Your copy should start at the line with "12, 2018. |" and end at the line with "Square-Cut Solitaire Stud" in the data below. Transcribe only those lines, exactly, pictures excluded.

- [Listed entries]:

···

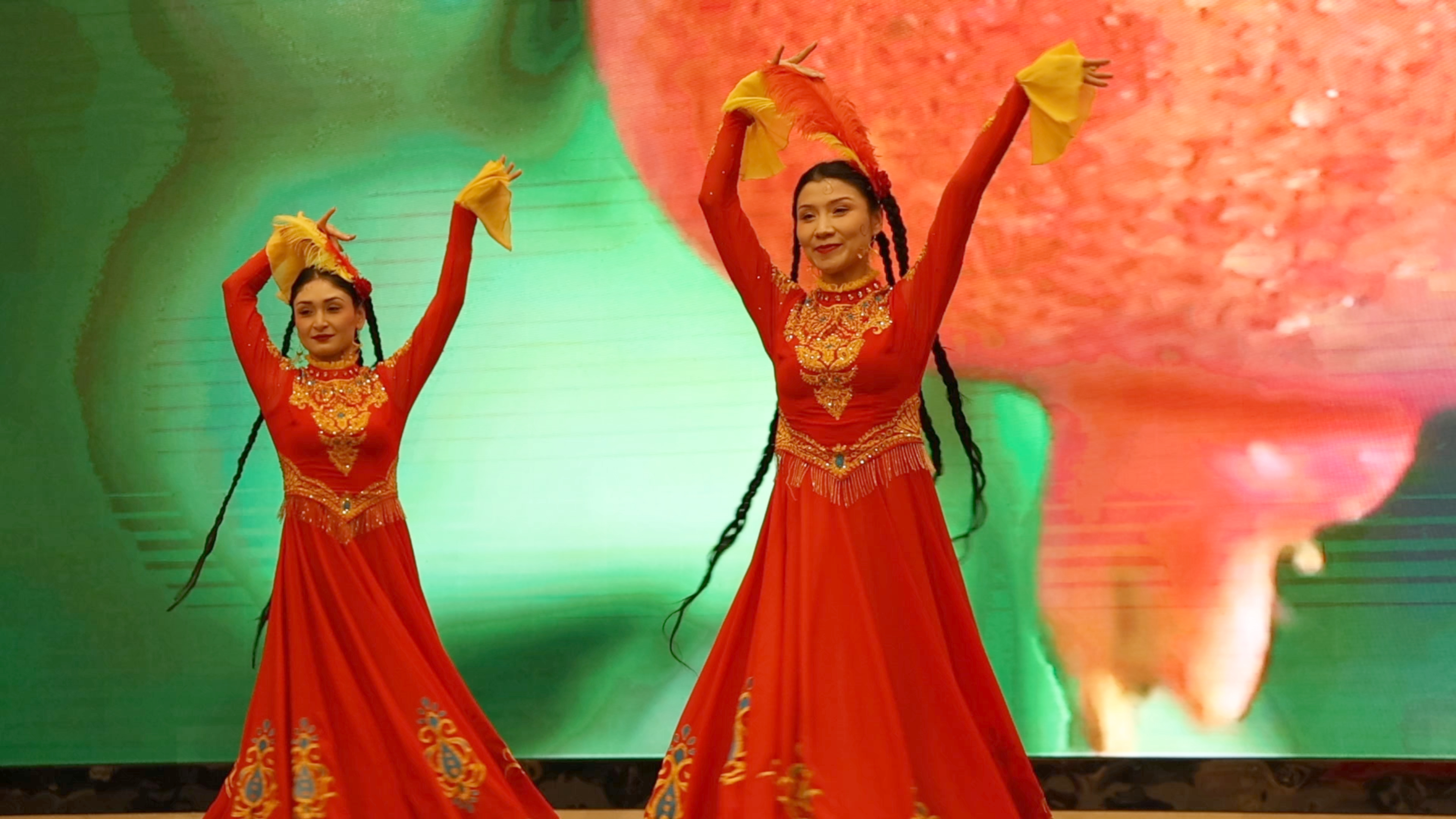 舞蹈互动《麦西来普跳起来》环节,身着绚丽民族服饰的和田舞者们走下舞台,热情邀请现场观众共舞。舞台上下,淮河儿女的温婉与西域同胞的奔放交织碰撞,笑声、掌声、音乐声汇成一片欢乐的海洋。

···

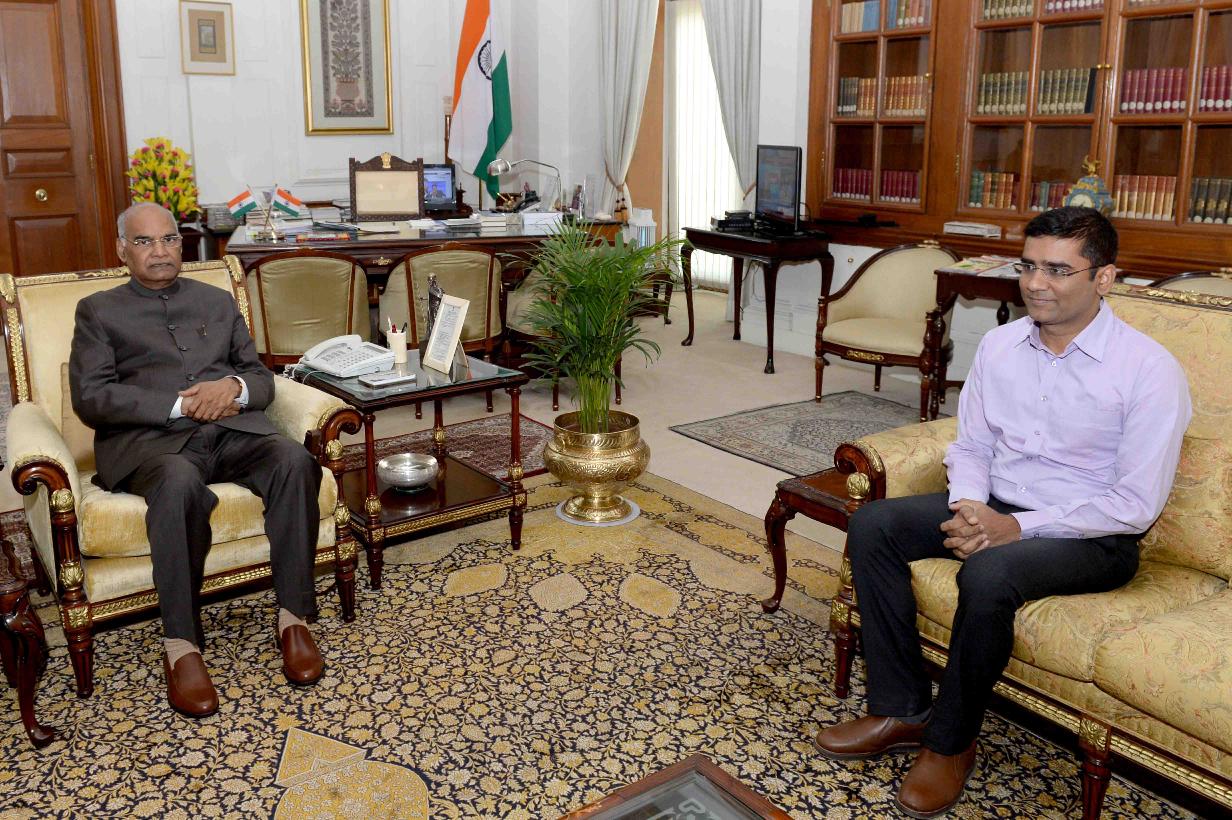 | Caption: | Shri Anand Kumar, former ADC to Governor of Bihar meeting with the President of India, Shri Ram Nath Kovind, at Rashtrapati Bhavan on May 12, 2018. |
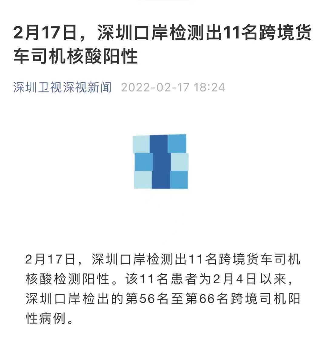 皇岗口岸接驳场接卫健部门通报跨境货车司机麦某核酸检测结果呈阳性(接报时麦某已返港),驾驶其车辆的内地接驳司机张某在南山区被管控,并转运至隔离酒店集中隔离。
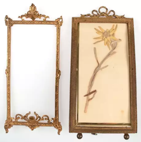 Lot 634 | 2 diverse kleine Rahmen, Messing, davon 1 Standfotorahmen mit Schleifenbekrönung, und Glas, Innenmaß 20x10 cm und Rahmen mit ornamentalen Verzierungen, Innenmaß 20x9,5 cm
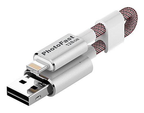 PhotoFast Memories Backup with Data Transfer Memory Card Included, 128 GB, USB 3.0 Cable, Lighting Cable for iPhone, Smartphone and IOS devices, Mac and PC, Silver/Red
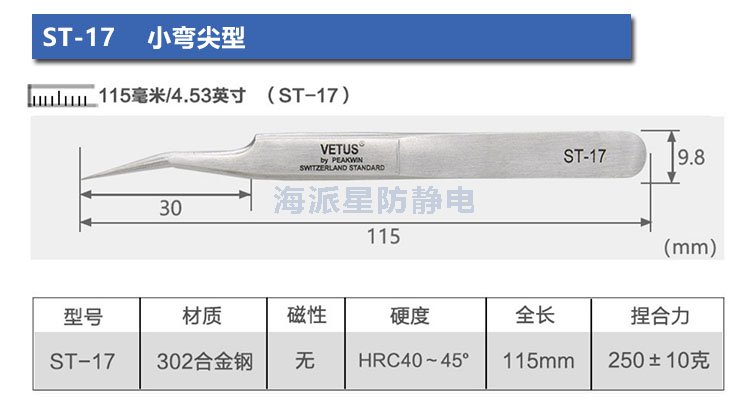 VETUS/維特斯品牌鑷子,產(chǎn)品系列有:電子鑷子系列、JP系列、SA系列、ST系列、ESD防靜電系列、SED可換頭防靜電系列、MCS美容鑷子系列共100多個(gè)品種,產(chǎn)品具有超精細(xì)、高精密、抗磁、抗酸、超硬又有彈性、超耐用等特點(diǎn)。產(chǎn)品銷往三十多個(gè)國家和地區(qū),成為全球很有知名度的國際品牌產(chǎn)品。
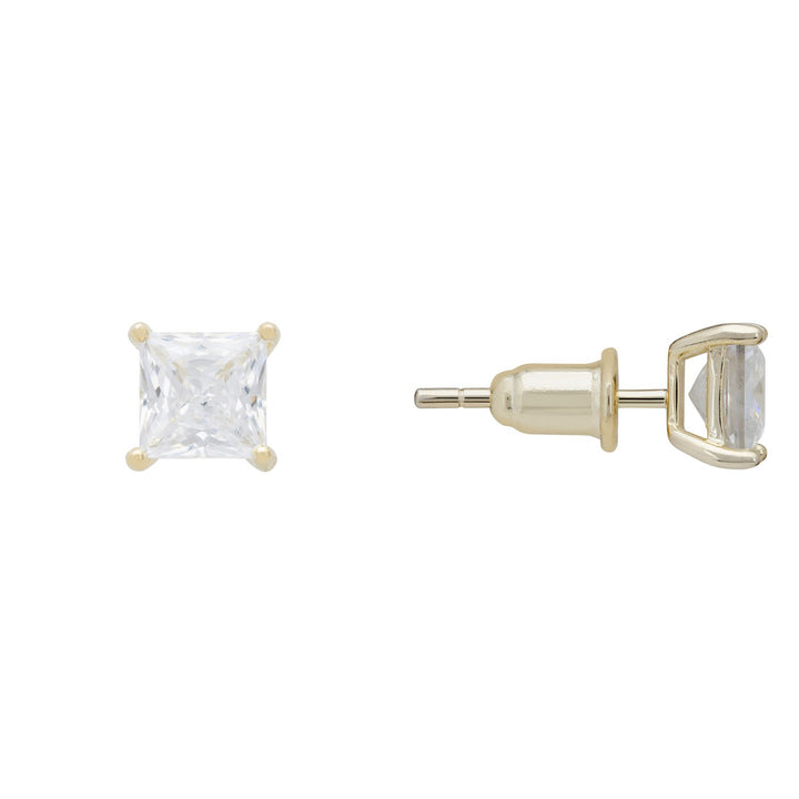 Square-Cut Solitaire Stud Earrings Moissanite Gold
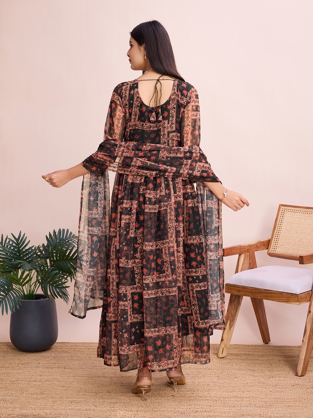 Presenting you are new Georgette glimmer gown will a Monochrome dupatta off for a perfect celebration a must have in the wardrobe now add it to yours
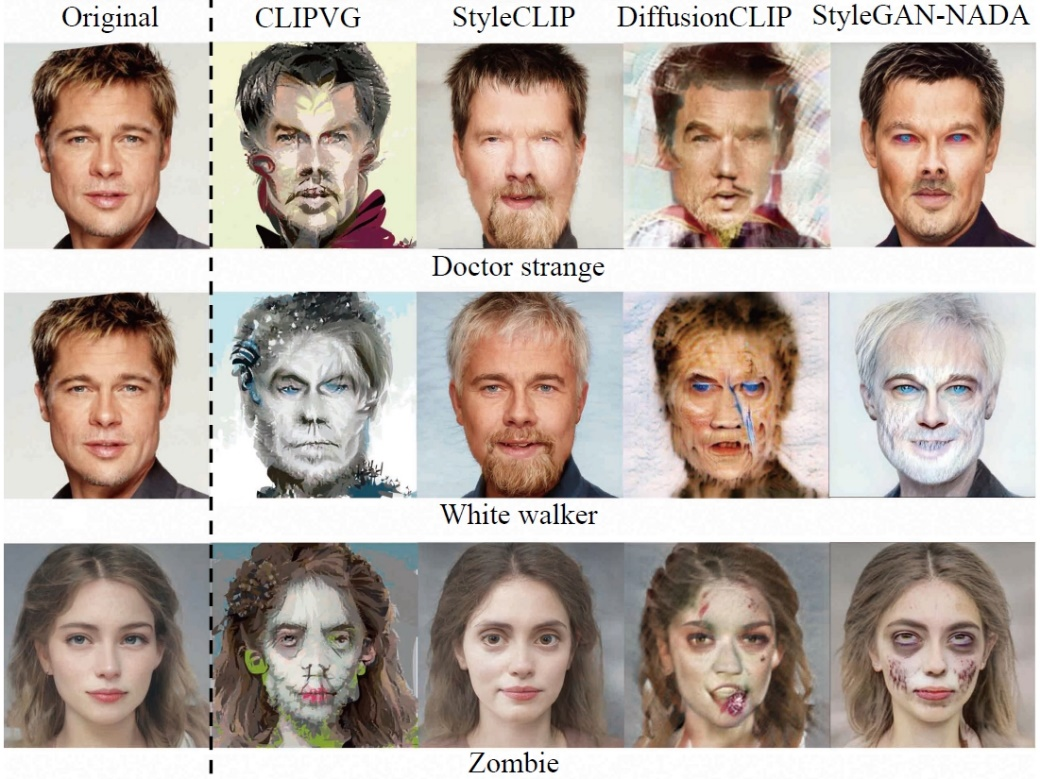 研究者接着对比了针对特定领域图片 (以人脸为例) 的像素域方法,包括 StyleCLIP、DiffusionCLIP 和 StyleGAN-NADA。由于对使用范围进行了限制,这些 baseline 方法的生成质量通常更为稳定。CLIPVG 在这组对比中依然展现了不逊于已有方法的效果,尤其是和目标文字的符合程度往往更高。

···

- [Solution for this problem]:
 | Caption: | Shri Anand Kumar, former ADC to Governor of Bihar meeting with the President of India, Shri Ram Nath Kovind, at Rashtrapati Bhavan on May 12, 2018. |
 皇岗口岸接驳场接卫健部门通报跨境货车司机麦某核酸检测结果呈阳性(接报时麦某已返港),驾驶其车辆的内地接驳司机张某在南山区被管控,并转运至隔离酒店集中隔离。
 Lot 634 | 2 diverse kleine Rahmen, Messing, davon 1 Standfotorahmen mit Schleifenbekrönung, und Glas, Innenmaß 20x10 cm und Rahmen mit ornamentalen Verzierungen, Innenmaß 20x9,5 cm
 PhotoFast Memories Backup with Data Transfer Memory Card Included, 128 GB, USB 3.0 Cable, Lighting Cable for iPhone, Smartphone and IOS devices, Mac and PC, Silver/Red
 VETUS/維特斯品牌鑷子,產(chǎn)品系列有:電子鑷子系列、JP系列、SA系列、ST系列、ESD防靜電系列、SED可換頭防靜電系列、MCS美容鑷子系列共100多個(gè)品種,產(chǎn)品具有超精細(xì)、高精密、抗磁、抗酸、超硬又有彈性、超耐用等特點(diǎn)。產(chǎn)品銷往三十多個(gè)國家和地區(qū),成為全球很有知名度的國際品牌產(chǎn)品。
 Square-Cut Solitaire Stud Earrings Moissanite Gold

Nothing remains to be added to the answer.